= Samuel Angell =

British architect and archaeologist

Samuel Angell (1800–1866) was a British architect and archaeologist.

==Life==
Angell was born in 1800, son of William Sandell Angell of Cornhill, in the City of London, and Hornsey.

Angell studied at the Royal Academy in London and with Thomas Hardwick. In 1823 he and William Harris, a fellow architectural student, went to Sicily to look for evidence for the use of polychromy on ancient Greek monuments. While digging without permission in the ancient city of Selinus (Seliunte) they uncovered the broken pieces of some metopes from the frieze of the temple which showed traces of colour. Harris died while in Sicily, and Angell's attempts to remove the sculptures were foiled by the authorities. Their findings were published in 1826 as Sculptured Metopes Discovered Amongst the Ruins of the Temples of the Ancient City of Selinus in Sicily in the Year 1823.

Between 1824 and 1859 he held the post of architect to the Company of Clothworkers, one of the City of London's Livery companies. He laid out their estate at Islington for building. and rebuilt the company's hall in Mincing Lane (completed in 1860). He also designed buildings for the company's estates in Ulster, including the first buildings of the new seaside resort at Castlerock.

In 1832 the returns of a census of district surveyors were published by order of the House of Commons. At this time Angell was district surveyor for a 45-acre area of London encompassing the Liberty of Saffron Hill, Hatton Garden and Ely Rents, those parts of the parishes of St Clement Danes and St Mary-le-Strand within the liberty of the Duchy of Lancaster, and the precinct of the Savoy. He had held the post since April 1831. He stated that he was also surveyor to both the Sadlers and Clothworkers' companies. His address was given as 26, Ely Place.

He was one of two architects co-opted onto the committee charged with selecting the design for the new buildings for the Foreign Office (although only as an advisor without voting rights), and in 1858 he was one of the witnesses questioned by the Select Committee of the House of Commons appointed to consider and report on the project, "in relation to the future Rebuilding of other offices on a uniform Plan".

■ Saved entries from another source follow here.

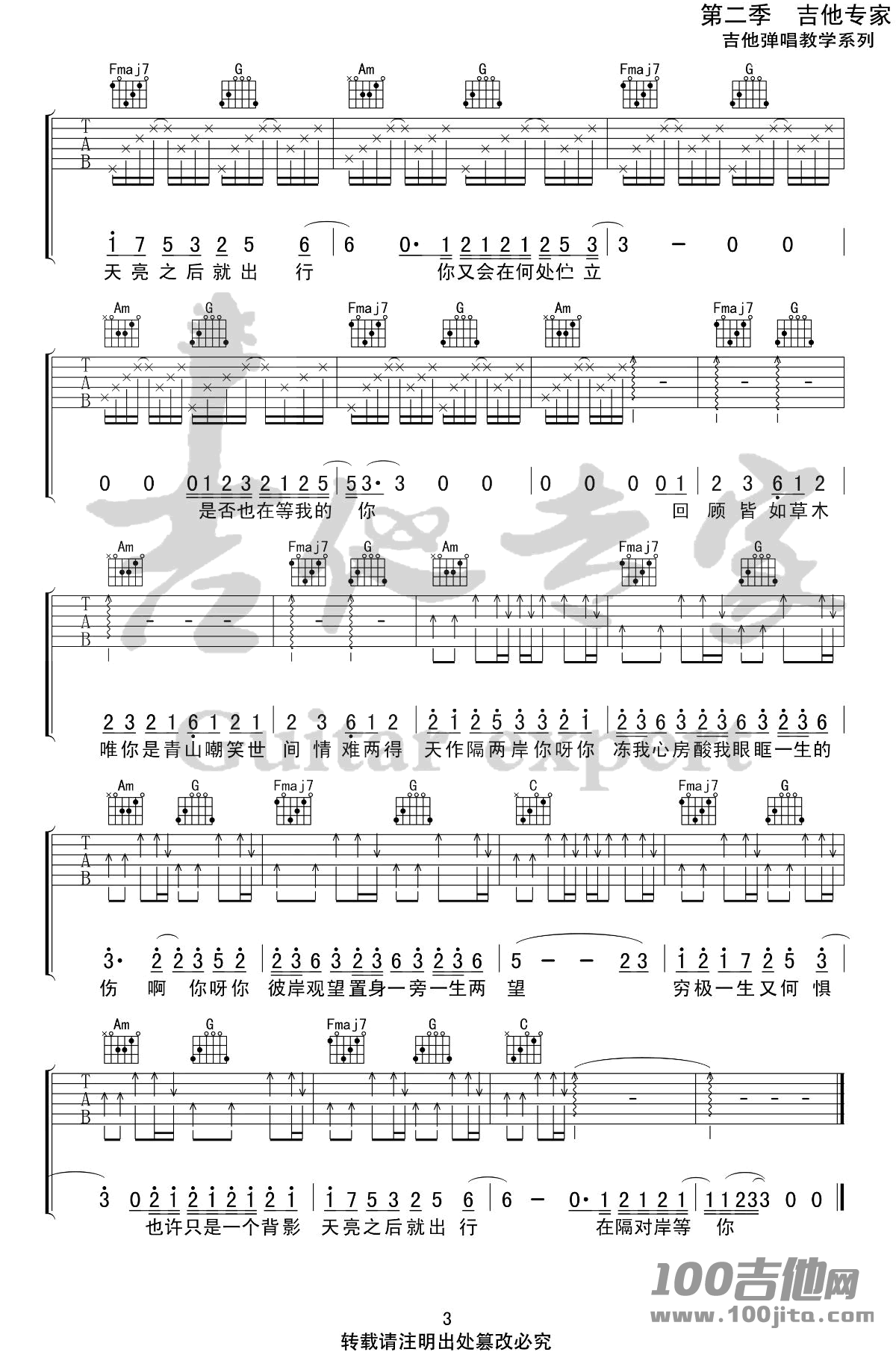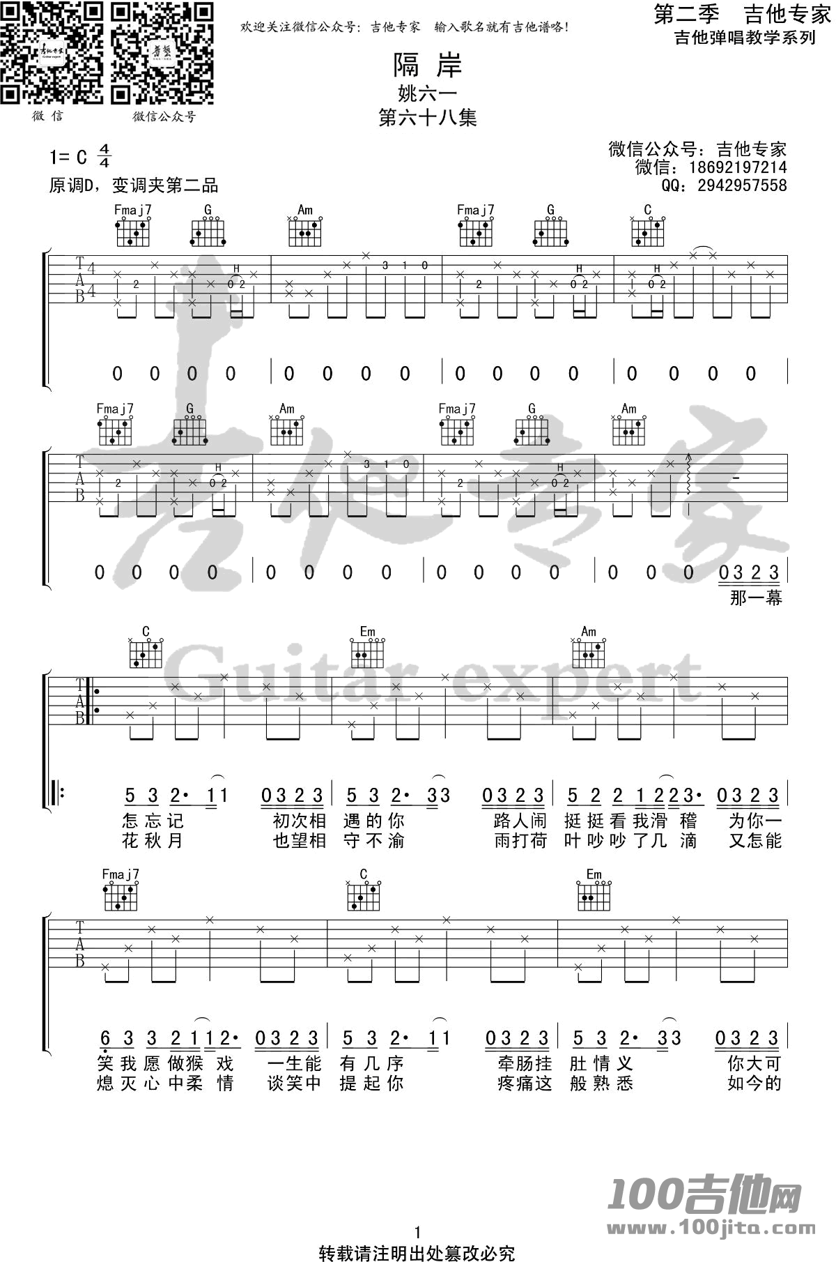 曲谱介绍: 姚六一《隔岸》吉他弹唱谱,采用C调指法编配,共有3张高清图谱。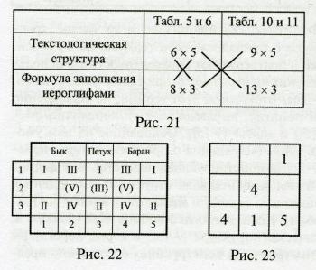 табл. 8, здесь обнаружилась текстологическая структура {9 × 5}, в которой иероглифы занимают 39 клеток из 45. В этих троичных конструкциях естественно представление 39 в виде 13 × 3. Т.о., структура {9 × 5} заполнена текстом по формуле 13 × 3, что вновь свидетельствует о нумерологической взаимосвязи 9 и 13 (см. также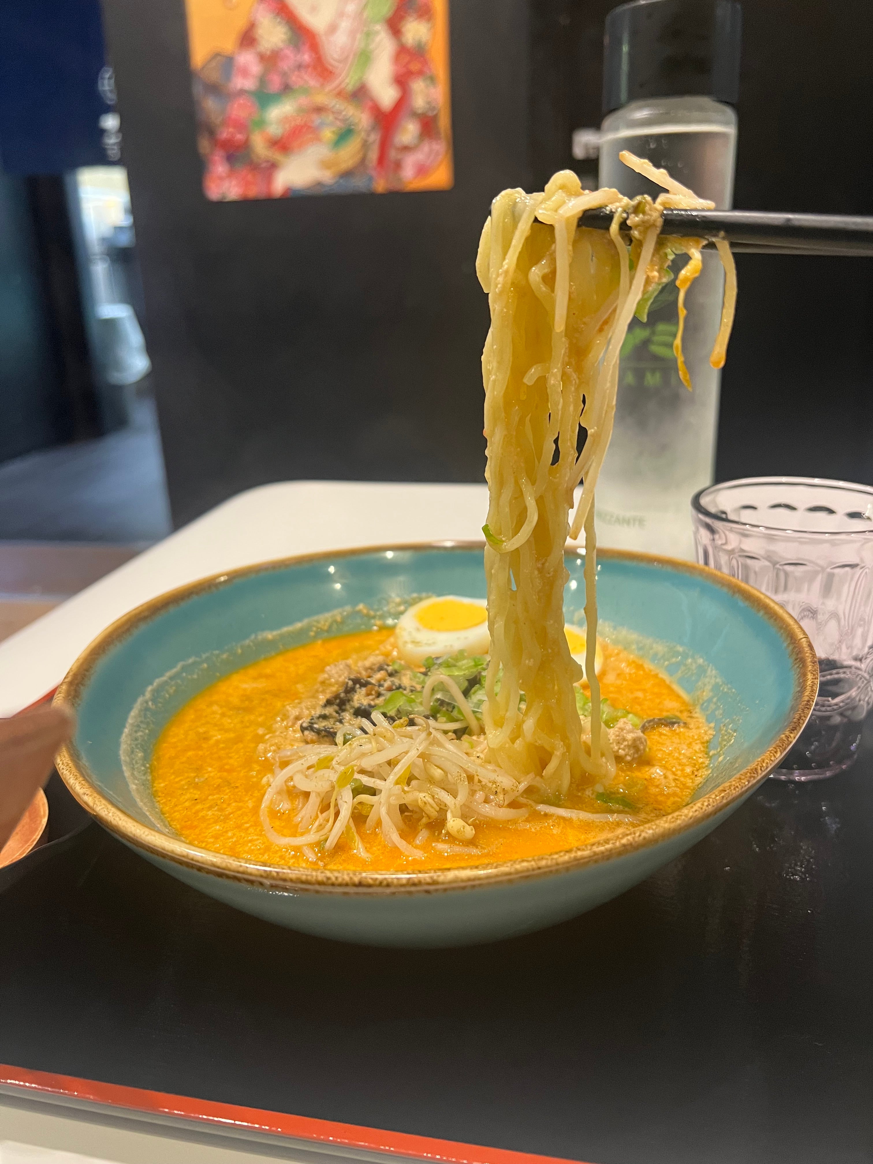 Ramen in zuppa a bese di soia e peperoncino piccante con polpetta e macinato di maiale, germogli di soia e cipollotti15,00 €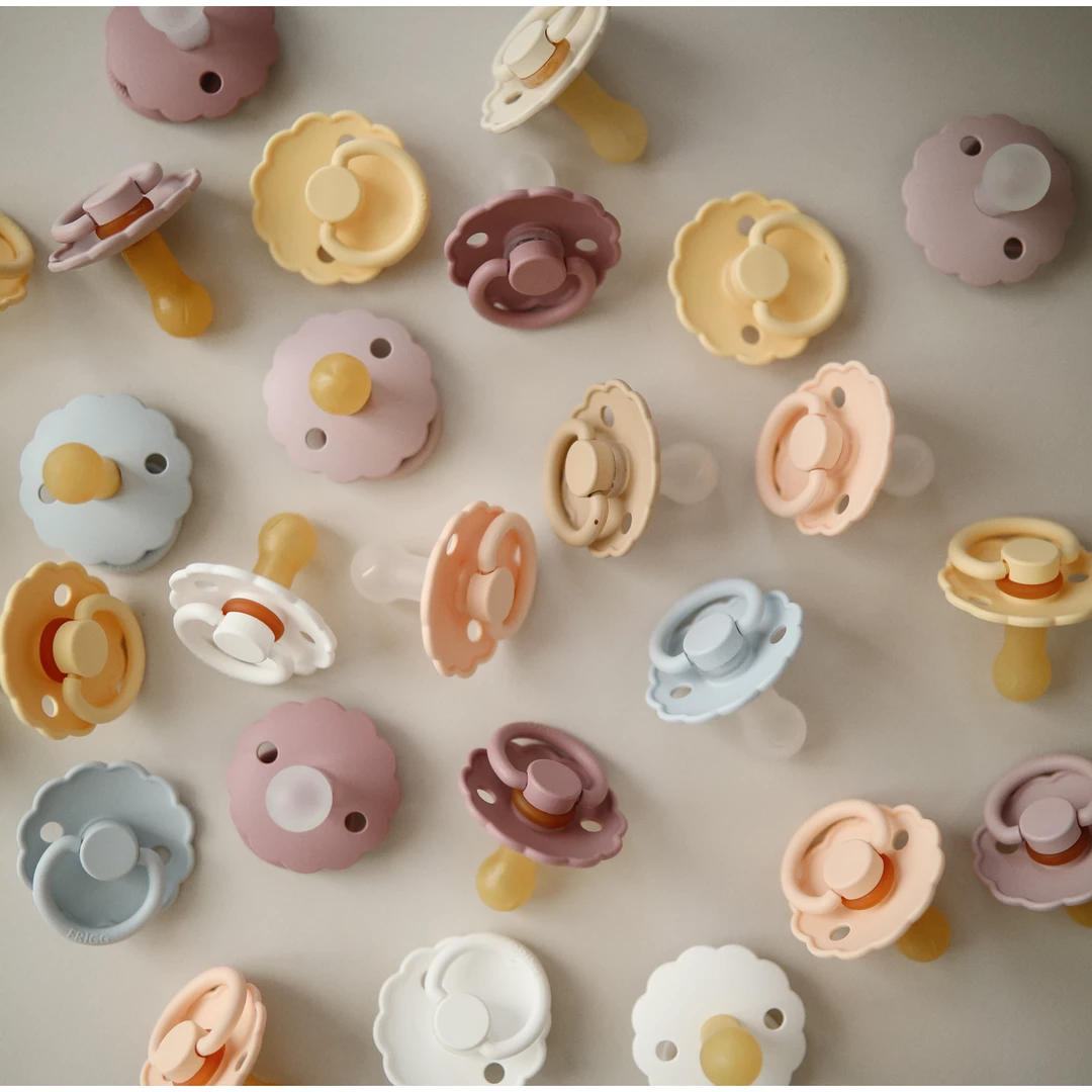 The Frigg Pacifier is absolutely adorable! The bright white daisy design is so charming and perfect for my baby. It’s soft, natural, and my little one loves it.

In 1861 he supervised the excavation of the remains of the mediaeval Chertsey Abbey in Surrey.

Angell was a member of the Graphic Society and a Fellow of the Royal Institute of British Architects. He died on 28 November 1866 at Abbey Lodge, Chertsey.

==Works==
- Library for Benjamin Godfrey Windus at his house in Tottenham (1832). Windus used the room to hang much of his collection of watercolours by J. M. W. Turner.
- Blue School, High Road, Tottenham (1833). Now the 'Pride of Tottenham' public house.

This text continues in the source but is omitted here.